Well, then how PKCE overcome this issue? You can think of PKCE as an authorization code flow technique except that it uses a variable key instead of a static secret key of the client application. In PKCE flow client application sends a code challenge value in order to request an authorization code which will be preserved by the Authorization Server for later verification. The code challenge value is created using code verifier value in a particular manner. In order to request a token, in exchange of the code, the code verifier value is sent to the authorization server. Authorization Server, by comparing the code challenge value and code verifier value, confirms that the application is the legitimate one so that it can exchange the token with it.

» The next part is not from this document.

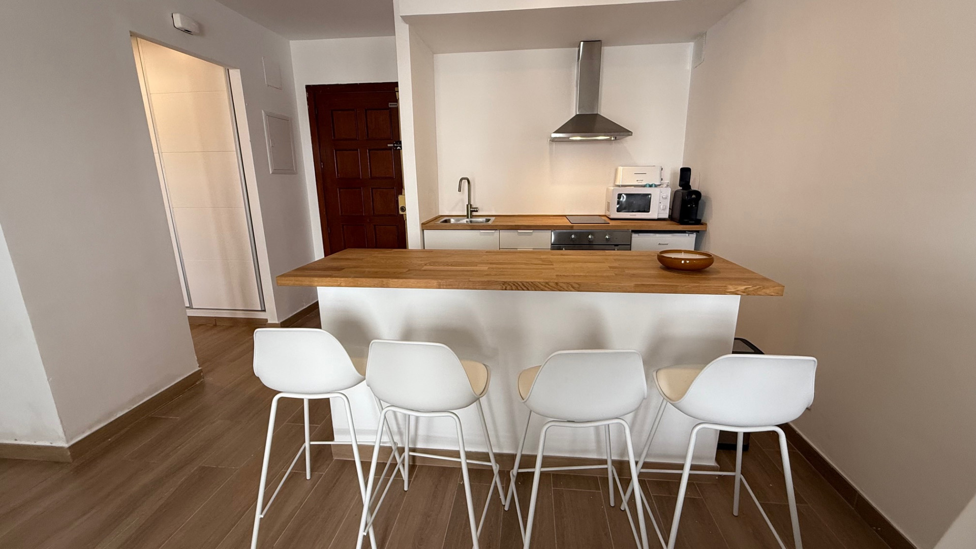 W apartamencie znajduje się sypialnia z łazienką, w pełni wyposażona, nowoczesna kuchnia oraz przestronny salon z wyjściem na słoneczny taras od strony południowo-wschodniej. Nieruchomość została gustownie odnowiona i sprzedawana jest w pełni umeblowana, łącznie z klimatyzacją z funkcją ogrzewania i chłodzenia.

In case if we were using the static secret key, it will be easy for any malicious code that has the client id and client secret to pretend itself as the original client and request a token exchange for the code that can be obtained by the URL. As we use a random code challenge and code verifier values that are very hard to guess, the PKCE flow resolves the above mentioned issue. How to achieve this randomness is a key topic which will be covering in the upcoming sections below.

Before going deep into PKCE let’s have a look at how authorization code flow works. Below is step by step process that demonstrate how a client application gets access to a protected resource with the permission of the resource owner.

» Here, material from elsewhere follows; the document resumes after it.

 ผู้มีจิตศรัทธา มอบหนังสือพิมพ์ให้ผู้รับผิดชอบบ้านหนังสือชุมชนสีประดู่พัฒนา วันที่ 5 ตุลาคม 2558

  1. Resource owner/User clicks the login link in the client application.
  2. The client sends a request for authorization code, to the Authorization Server.
  3. Authorization Server responds by presenting the login page to the user.
  4. User enters his/her credentials.
  5. Authorization Server verifies the credentials and if everything is fine, it present a consent page to the user.
  6. User permits the client to access the protected resource.
  7. Authorization Server sends an authorization code to the client app.
  8. Client request the Authorization Server to exchange the code to access token.
  9. If everything is fine, Authorization Server responds with an access token and refresh token.
  10. Client request Resource Server to access the protected data using the access token.
  11. Resource Server request Authorization Server for validate the access token.
  12. Authorization Server validates the token.
  13. If validation is successful, then the Resource Server sends the requested data to the client.

Hope the authorization code flow is clear, now let us see how PKCE flow works by looking at the step by step process that happens when an application tries to access a protected resource. Oops!! it is the same. Then what is the difference between those two?

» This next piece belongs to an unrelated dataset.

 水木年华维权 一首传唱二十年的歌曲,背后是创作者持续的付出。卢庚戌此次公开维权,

Although the workflow of the above two are same, they are differed in the requests itself. To be precise the request parameters that a client passes in order to request a login page so as the authorization code and the parameters passed to exchange code to token are a bit different in what is used in authorization code flow and what is used in PKCE flow. A basic PKCE workflow is illustrated in the diagram below.

Basic PKCE workflow

In order to get the login page and receive an authorization code from the Authorization Server we will need to hit the authorization endpoint in a browser with certain query parameters. The below list shows the query parameters and their values.

  • response_type=”code”
  • client_id=”you_client_id”
  • redirect_uri=”a_preferred_redirect_uri”
  • scope=”your_scope”
  • state=”random_alphanumeric_characters_of_moderate_length”

Note that the response_type must be exactly ‘code’ and other parameters should be changed according to your application.

We will see how these parameters differs from PKCE. Below list shows the query parameters and their values.

  • response_type=”code”
  • client_id=”you_client_id”
  • redirect_uri=”a_preferred_redirect_uri”
  • scope=”your_scope”
  • state=”random_alphanumeric_characters_of_moderate_length”
  • code_challenge_method=”S256 |plain”
  • code_challenge_value=”your_code_challenge_value”

Note that here also response_type must exactly be ‘code’ and others be changed according to your application requirements.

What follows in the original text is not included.